### What the task asks
Omitting the pictures, restate all of the entries below exactly.

Data extracted from a collection
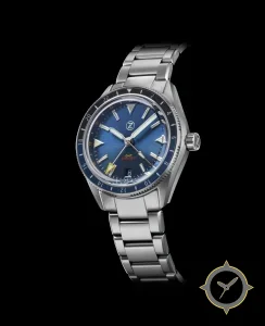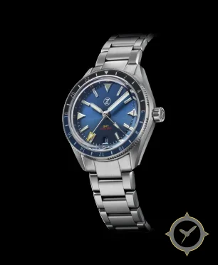 A GMT watch with a vintage-inspired 35.5mm case, crafted from stainless steel featuring a blue dial with a unique sunburst finish and a true GMT complication for tracking a second time zone.
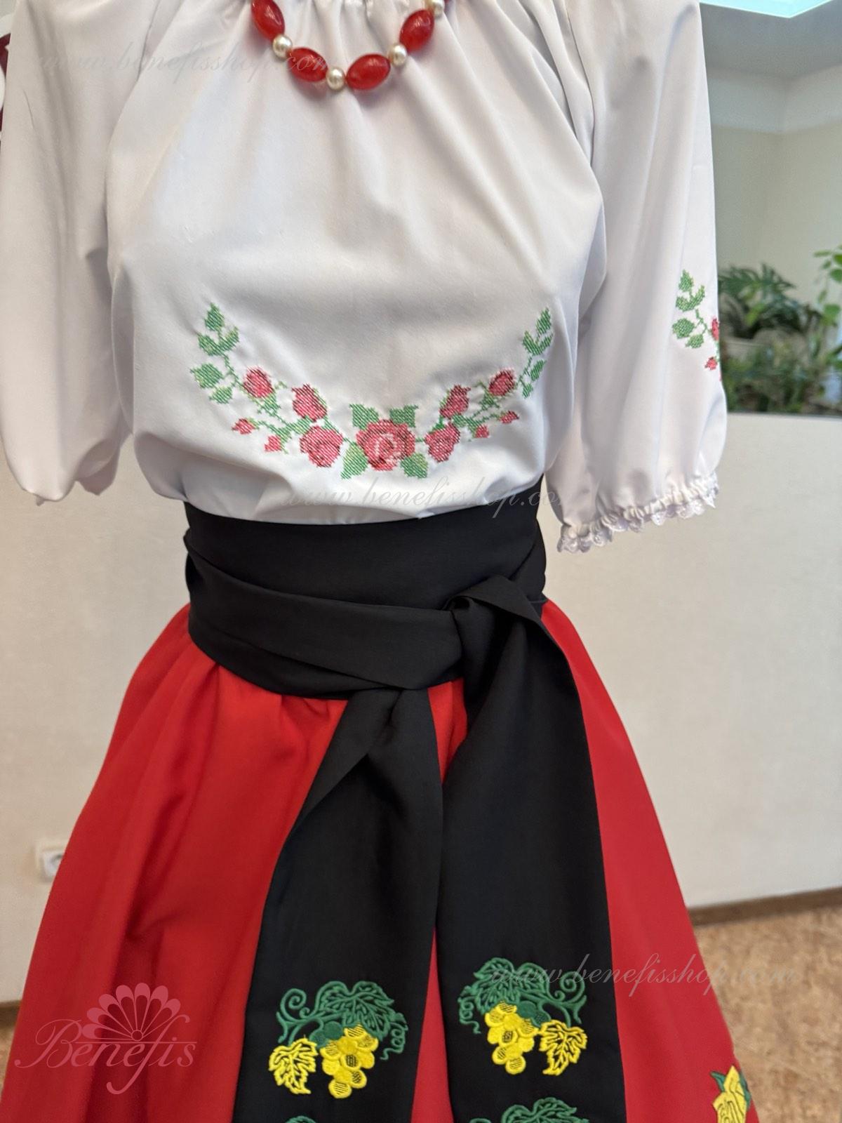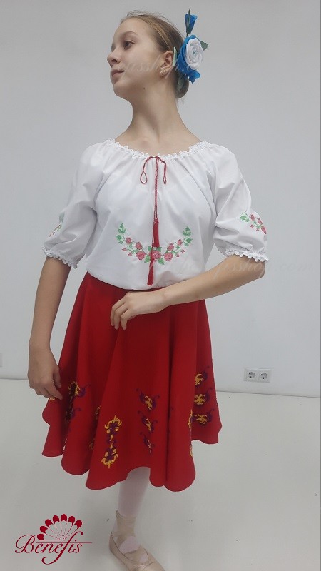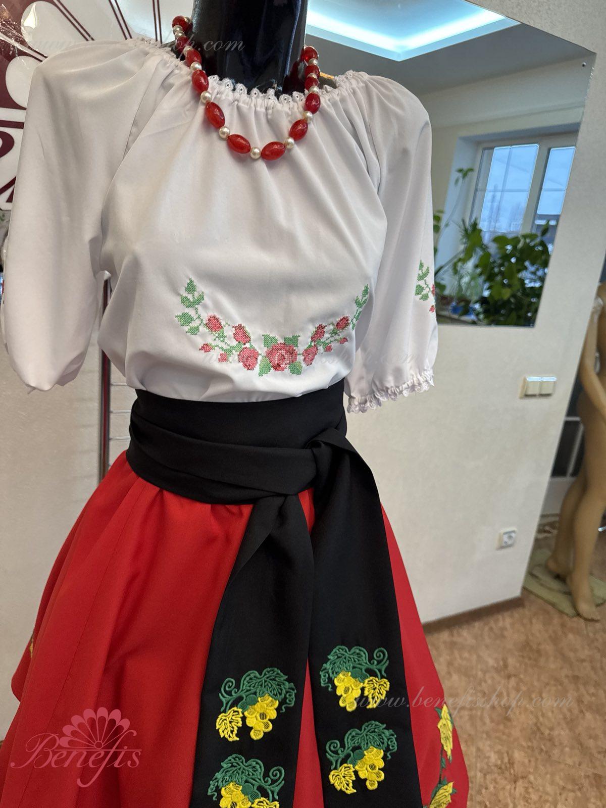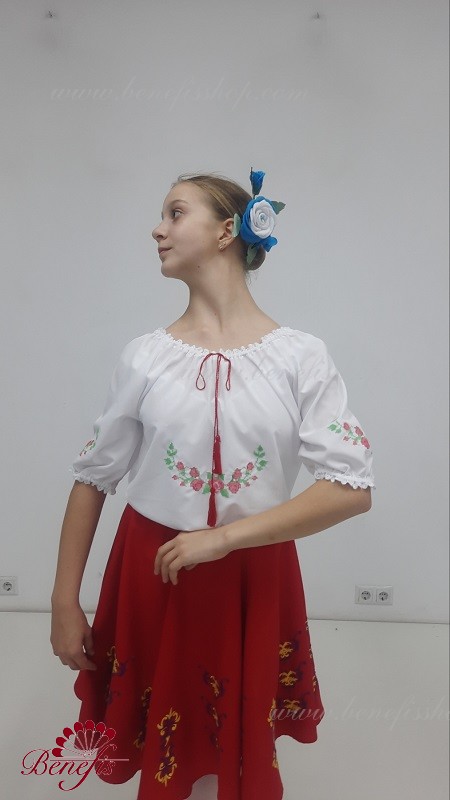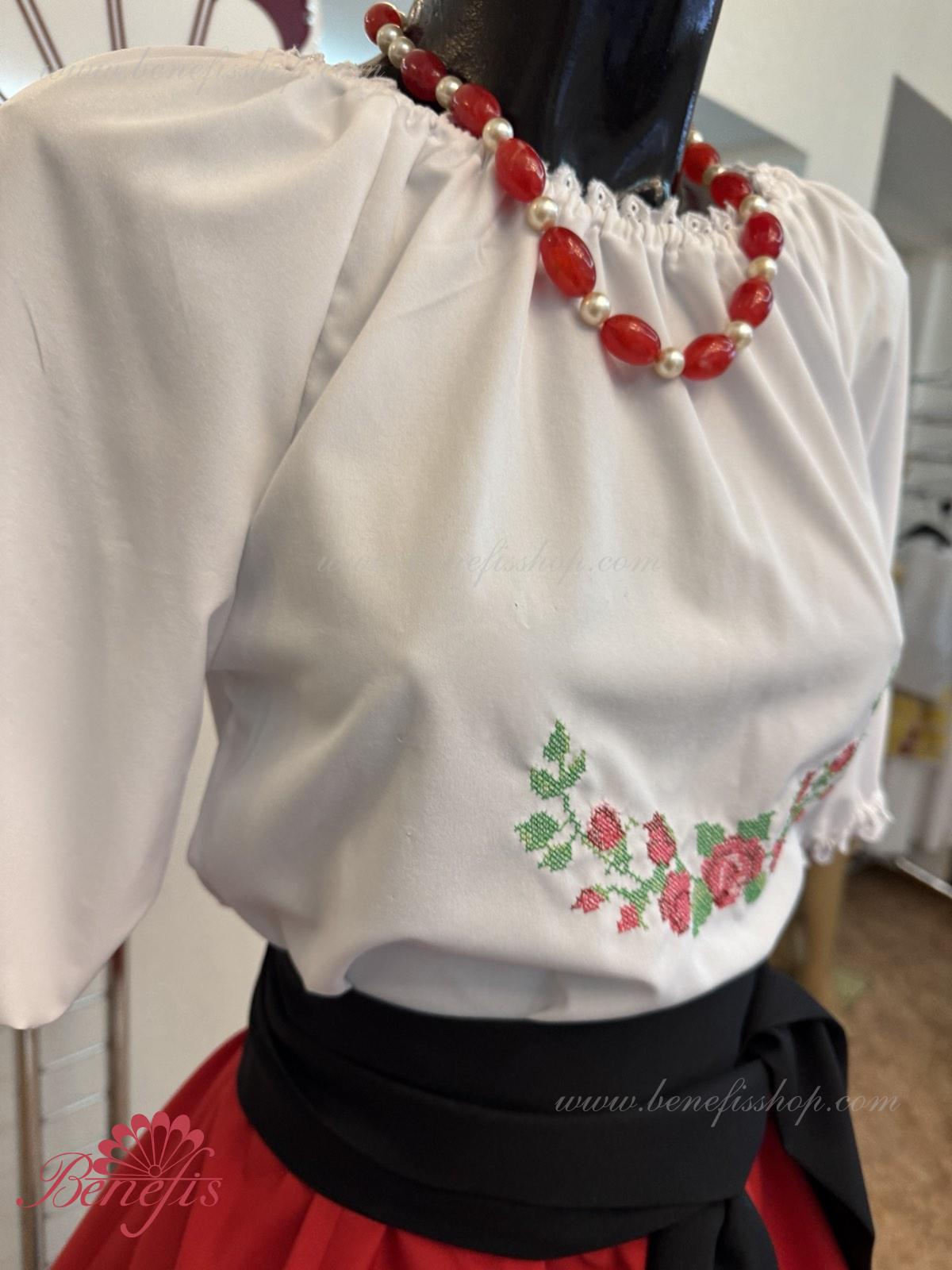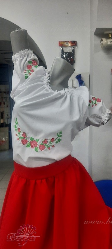Bluza este confecționată din țesătură de cămașă. O bandă elastică este introdusă pe decolteu și mâneci și este decorată cu dantelă naturală. Broderia este realizată în stil național pe o mașină specială.
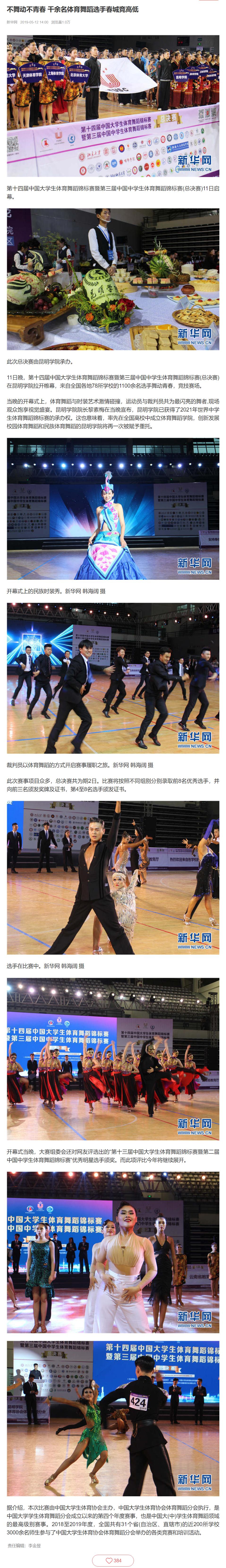 不舞动不青春 千余名体育舞蹈选手春城竞高低
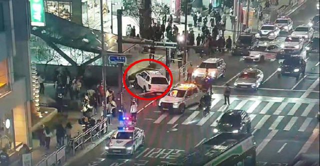 23일 서울 마포소방서에 따르면 이날 오후 7시 10분께 흰색 SUV 차량이 건널목을 넘어 인도로 들어와 홍대입구역 출구 앞에 멈춰서는 사고가 났다.
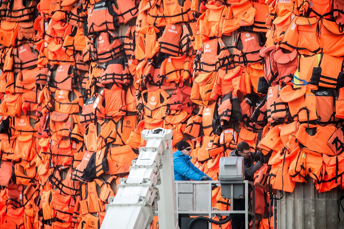 Συνολικά χρησιμοποιήθηκαν 14.000 σωσίβια και σωστικά γιλέκα, τα οποία συγκεντρώθηκαν από τις ακτές της Λέσβου και αρχές Φεβρουαρίου δόθηκαν στον -παγκοσμίου φήμης- καλλιτέχνη κατόπιν εντολής του δημάρχου Λέσβου Σπύρου Γαληνού.
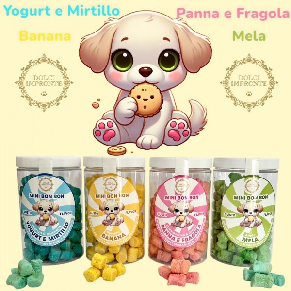 FR:Dolci Impronte | Lot de 3 pièces – Mini Bonbons Arôme Crème & Fraise 170 gLe prix se réfère au lot de trois pièces.Bocal contenant de délicieux petits biscuits colorés en pâte sablée, aromatisés pour rendre la récompense encore plus savoureuse.Aliment complémentaire pour chiens adultes.Caractéristique : biscuit en pâte sablée.Composition : farine...
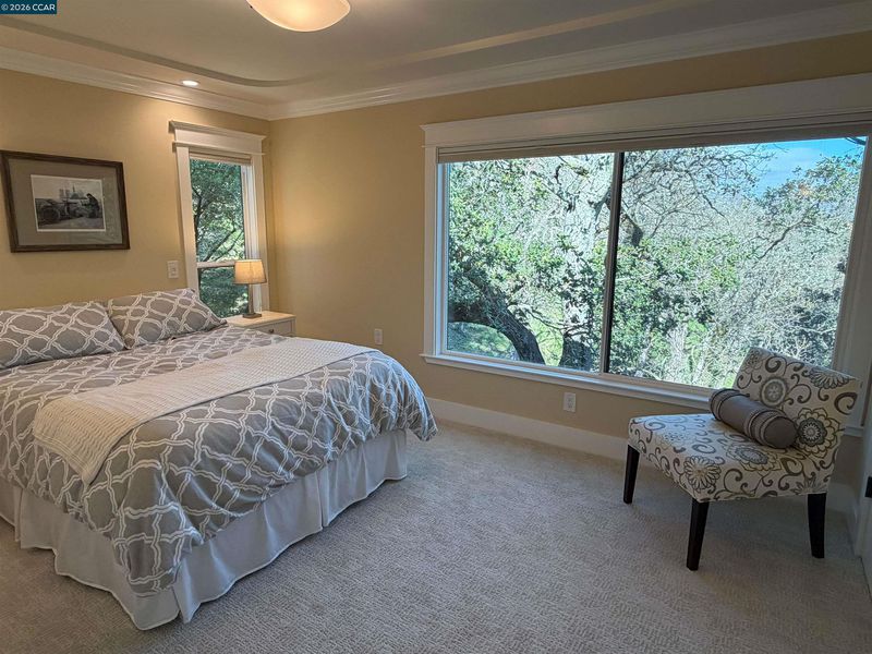 Beautifully reimagined Monterey model 2BR/2BA end unit filled with natural light and thoughtful upgrades throughout. Seamless reconfiguration enhances flow and functionality. Remodeled kitchen with custom cabinetry and stainless steel appliances. Updated bathrooms with modern finishes, including a bench in the primary shower. Crown molding and custom Smith & Noble window coverings throughout. Dining area features a modern coffered ceiling and custom cabinet wall with display lighting. Primary suite offers a tray ceiling and walk-in closet. Wired for surround sound with built-in speakers. Enjoy a peaceful, tree-surrounded back deck. A must-see home. Open Sunday 2/15 from 1-4pm.
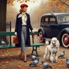 A stylish woman in a red beret walks her poodle in an autumn park. Pigeons surround them near an old-fashioned car, while vibrant fall leaves scatter the ground.
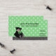 Stilfullt mammas kort gjort i ett ljust grönt och vitt prickmönster, med ett svart och vitt prickigt band längst ner. Grafiken föreställer en söt svart teddybjörn med en stor grön rosett som dekorerar framsidan längst ner. Anpassa all text efter dina behov. Perfekt för att planera lekdatum, fester och barnvakt med andra mammor.
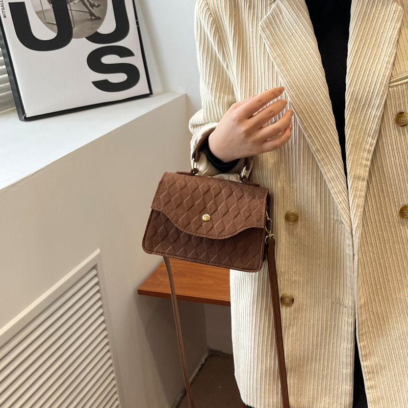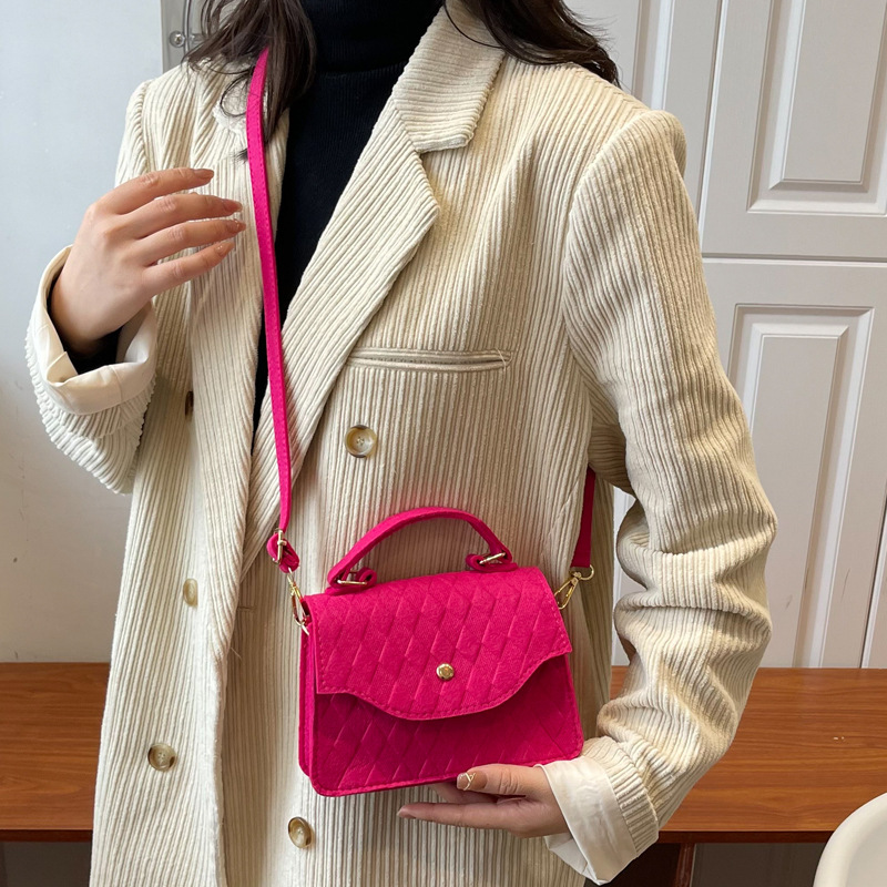 Solid color felt small square bag 2022 Korean fashion bag Women's simple handbag Texture fashion casual shoulder bag

### Answer to this problem
 A GMT watch with a vintage-inspired 35.5mm case, crafted from stainless steel featuring a blue dial with a unique sunburst finish and a true GMT complication for tracking a second time zone.
Bluza este confecționată din țesătură de cămașă. O bandă elastică este introdusă pe decolteu și mâneci și este decorată cu dantelă naturală. Broderia este realizată în stil național pe o mașină specială.
 不舞动不青春 千余名体育舞蹈选手春城竞高低
 23일 서울 마포소방서에 따르면 이날 오후 7시 10분께 흰색 SUV 차량이 건널목을 넘어 인도로 들어와 홍대입구역 출구 앞에 멈춰서는 사고가 났다.
 Συνολικά χρησιμοποιήθηκαν 14.000 σωσίβια και σωστικά γιλέκα, τα οποία συγκεντρώθηκαν από τις ακτές της Λέσβου και αρχές Φεβρουαρίου δόθηκαν στον -παγκοσμίου φήμης- καλλιτέχνη κατόπιν εντολής του δημάρχου Λέσβου Σπύρου Γαληνού.
 FR:Dolci Impronte | Lot de 3 pièces – Mini Bonbons Arôme Crème & Fraise 170 gLe prix se réfère au lot de trois pièces.Bocal contenant de délicieux petits biscuits colorés en pâte sablée, aromatisés pour rendre la récompense encore plus savoureuse.Aliment complémentaire pour chiens adultes.Caractéristique : biscuit en pâte sablée.Composition : farine...
 Beautifully reimagined Monterey model 2BR/2BA end unit filled with natural light and thoughtful upgrades throughout. Seamless reconfiguration enhances flow and functionality. Remodeled kitchen with custom cabinetry and stainless steel appliances. Updated bathrooms with modern finishes, including a bench in the primary shower. Crown molding and custom Smith & Noble window coverings throughout. Dining area features a modern coffered ceiling and custom cabinet wall with display lighting. Primary suite offers a tray ceiling and walk-in closet. Wired for surround sound with built-in speakers. Enjoy a peaceful, tree-surrounded back deck. A must-see home. Open Sunday 2/15 from 1-4pm.
 A stylish woman in a red beret walks her poodle in an autumn park. Pigeons surround them near an old-fashioned car, while vibrant fall leaves scatter the ground.
 Stilfullt mammas kort gjort i ett ljust grönt och vitt prickmönster, med ett svart och vitt prickigt band längst ner. Grafiken föreställer en söt svart teddybjörn med en stor grön rosett som dekorerar framsidan längst ner. Anpassa all text efter dina behov. Perfekt för att planera lekdatum, fester och barnvakt med andra mammor.
 Solid color felt small square bag 2022 Korean fashion bag Women's simple handbag Texture fashion casual shoulder bag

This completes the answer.